Mr. Bryany asked, with a rather obvious anxiety:

"But when can you pay?

"Oh, I'll send you a cheque in a day or two." And Edward Henry in his turn took a fresh cigarette.

"That won't do! That won't do!" cried Mr. Bryany. "I absolutely must have the money to-morrow morning in London. I can sell the option in London for eighty pounds, I know that."

"You must have it?"

"Must!"

They exchanged glances. And Edward Henry, rapidly acquiring new knowledge of human nature on the threshold of a world strange to him, understood that Mr. Bryany, with his private sitting-room and his investments in Seattle and Calgary, was at his wits' end for a bag of English sovereigns, and had trusted to some chance encounter to save him from a calamity. And his contempt for Mr. Bryany was that of a man to whom his bankers are positively servile.

"Here," Mr. Bryany almost shouted, "don't light your cigarette with my option!"

"I beg pardon," Edward Henry apologised, dropping the document which he had creased into a spill. There were no matches left on the table.

"I'll find you a match."

"It's of no consequence," said Edward Henry, feeling in his pockets. Having discovered therein a piece of paper, he twisted it and rose to put it to the gas.

"Could you slip round to your bank and meet me at the station in the morning with the cash?" suggested Mr. Bryany.

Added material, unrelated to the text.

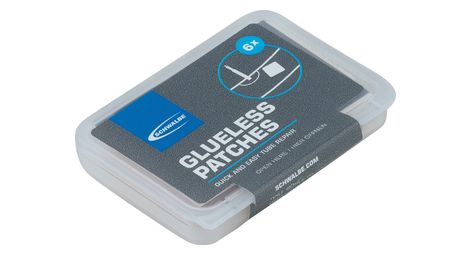 Les glueless patches de schwalbe sont autocollants et permettent de reparer rapidement et facilement tes chambres a air ils conviennent egalement pour les chambres a air aerothan de schwalbe lors de la reparation d une chambre a air aerothan il est contre indique de traiter la partie endommagee avec du papier emeri pour la rendre rugueuse avant d apposer la rustine details type butyl dimensions lxl 20x20mm 6 rustines et 1 papier emeri pour poncer

"No, I couldn't," said Edward Henry.

"Well, then, what--?"

"Here, you'd better take this," the Card, reborn, soothed his host, and, blowing out the spill which he had just ignited at the gas, he offered it to Mr. Bryany.

"What?"

"This, man!"

Mr. Bryany, observing the peculiarity of the spill, seized it and unrolled it, not without a certain agitation.

He stammered:

"Do you mean to say it's genuine?"

"You'd almost think so, wouldn't you?" said Edward Henry. He was growing fond of this reply, and of the enigmatic playful tone that he had invented for it.

"But--"

"We may, as you say, look twice at a fiver," continued Edward Henry, "but we're apt to be careless about hundred-pound notes in this district. I daresay that's why I always carry one."

"But it's burnt!"

"Only just the edge, not enough to harm it. If any bank in England refuses it, return it to me, and I'll give you a couple more in exchange. Is that talking?"

"Well, I'm dashed!" Mr. Bryany attempted to rise, and then subsided back into his chair. "I am simply and totally dashed!" He smiled weakly, hysterically.

And in that instant Edward Henry felt all the sweetness of a complete and luscious revenge.

He said commandingly:

"You must sign me a transfer. I'll dictate it."

Then he jumped up.

"You're in a hurry?"

"I am. My wife is expecting me. You promised to find me a match." Edward Henry waved the unlit cigarette as a reproach to Mr. Bryany's imperfect hospitality.